The terminology problem may be an English, French, Italian and Rumansh one. :) The full country name in German, however, is "Schweizerische Eidgenossenschaft" - and that simply refers to people (comrades) united by an oath. Historically that was a major difference when compared to feudal hierarchical systems. Apart from that, well, secessions have hardly ever occurred because there was a provision for that case in any legal document, but because people wanted to do it ...

Another multilingual country which - sometimes - resorts to Latin on its coins is Belgium. Attached is an image from muenzen-news.de which shows a €10 silver coin (king Albert's 75th birthday) and a €100 gold piece (Albert's and Paola's 50th wedding anniversary) from 2009. The "occasions" are in Latin; the other side has the EU map with the country name in Dutch, French and German. Most other recent coins have neutral or English inscriptions though.

Christian



be09.jpg

translateltd

#11
I assume Canada retains Latin inscriptions for the same reasons as the Swiss and (occasionally) the Belgians - to save the space that would otherwise be needed to put everything in two languages.  Something South Africa could consider now that it rotates something like nine languages across its various denominations.

FosseWay

Quote from: <k> on March 13, 2013, 08:59:57 PM
...The home of the English language, the UK, still uses Latin legends - rather surprising when you consider Britain was conquered by the inventors of Latin, those nasty imperialist beasts, the ancient Romans. The fact that the UK (my country of birth) still uses Latin legends, even if in abbreviated form, can only be an example of Stockholm syndrome.

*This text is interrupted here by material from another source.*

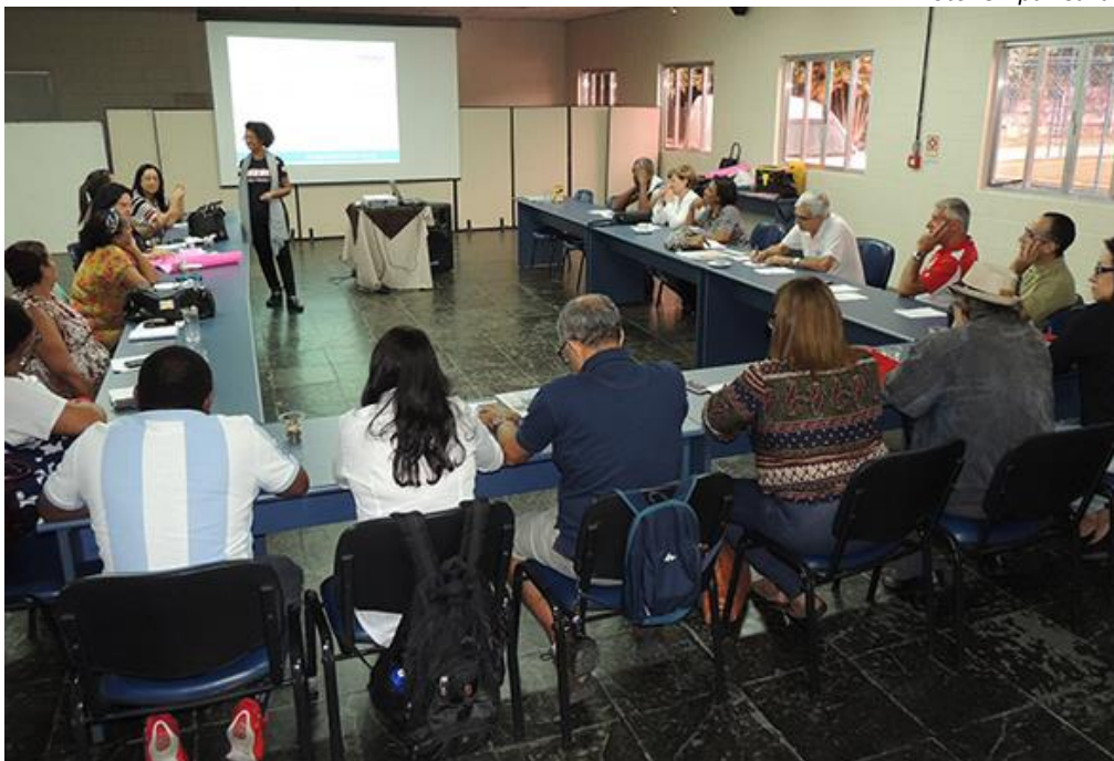
Conselheiros do CCC Unipar Carbocloro e membros do Núcleo Comunitário de Defesa Civil participam de curso ministrado pelo Sesi-SP

Em junho foi realizada capacitação dos membros do Conselho Comunitário Consultivo da Unipar Carbocloro, ministrado pelo Serviço Social da Indústria (Sesi-SP), em Cubatão.

The fact that part of what is now the UK (but by no means all) was occupied by the Romans is more or less irrelevant to the choice of language on English and, later, UK coins. This is more due to the influence of organised, state-sponsored religion in the form of the Catholic Church, whose official language happened to be Latin. By the time the Roman (rather than Celtic) Church had 'conquered' the mix of warring Anglo-Saxon states (AD 664) there was next to nothing left of Roman society in England, since the Romans had departed 250 years earlier and the population had largely changed from being Celtic to Germanic. A more pressing question, therefore, is why Latin was not abandoned on coins in the 16th century, when English became the official language of the state religion. (Of course, for a few years in the 17th century precisely this did happen.)

<k>

Quote from: FosseWay on March 15, 2013, 06:28:02 PM
A more pressing question, therefore, is why Latin was not abandoned on coins in the 16th century, when English became the official language of the state religion. (Of course, for a few years in the 17th century precisely this did happen.)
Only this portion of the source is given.